### Necessary files for running Snakemake

The necessary files for running Snakemake are:
- [Snakefile](Snakemake/Snakefile.py)

**Snakefile** is the file where the different steps are designed and concatenated, the core code.
- [Cluster file](Snakemake/config.yaml)

Although Snakemake is able to generate the necessary jobs and submit them to the cluster, minimal guides need to be prepared: general rules but also specific rules for each job. The **cluster.json** serves for this purpose. Running time, number of cores used, memory required, name of the job and log locations are the parameters to be set within this JSON file.
- [Config file](Snakemake/cluster.json)

The **config.yaml** file has been created in order to make the variables independent from the code, so the Snakefile does not need to change when these variables change. For instance, input files, paths, softwares or wildcards are specified at the YAML file. This way, the core code (Snakefile) remain unchanged from one project to the other: the new user will only need to replace these variables.

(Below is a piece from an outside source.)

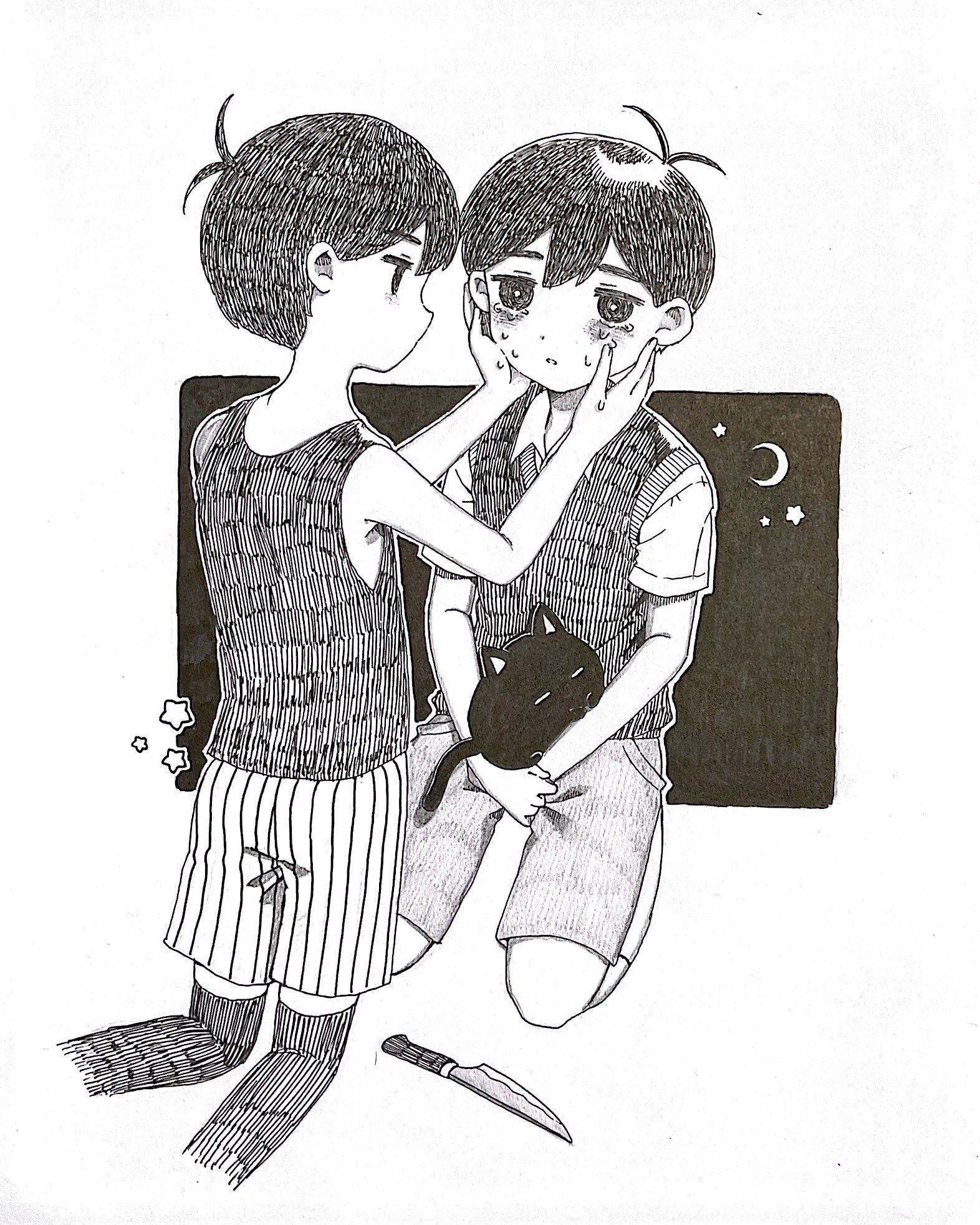 2boysanimalantenna hairblack thighhighsblushbright pupilscatcollared shirtcryingcrying with eyes opendouble-parted bangsdual personagreyscalehair between eyeshands on another's cheekshands on another's faceholdingholding animalkneelingknifelooking at anothermale focusmonochromemultiple boysparted lipsshirtshort hairshort sleevesshortsstriped clothesstriped shortssweater vesttank toptearsthighhighsvertical-striped clothesvertical-striped shorts

### Submit all jobs via Snakemake

Once the different steps are designed and concatenated in a Snakefile and the variables are given as a config file, it is time for submitting all the jobs and let the cluster do the work. Running jobs with Snakemake in the cluster is a bit different from running the jobs locally, as Snakemake is a workflow manager that automatically distributes the loads and is able to submit the jobs by taking the parameters given as part of the cluster file. 

As the whole pipeline may take several hours, we need to run the job as "screen". Otherwise, either Snakemake or the cluster would close letting the job finish incomplete.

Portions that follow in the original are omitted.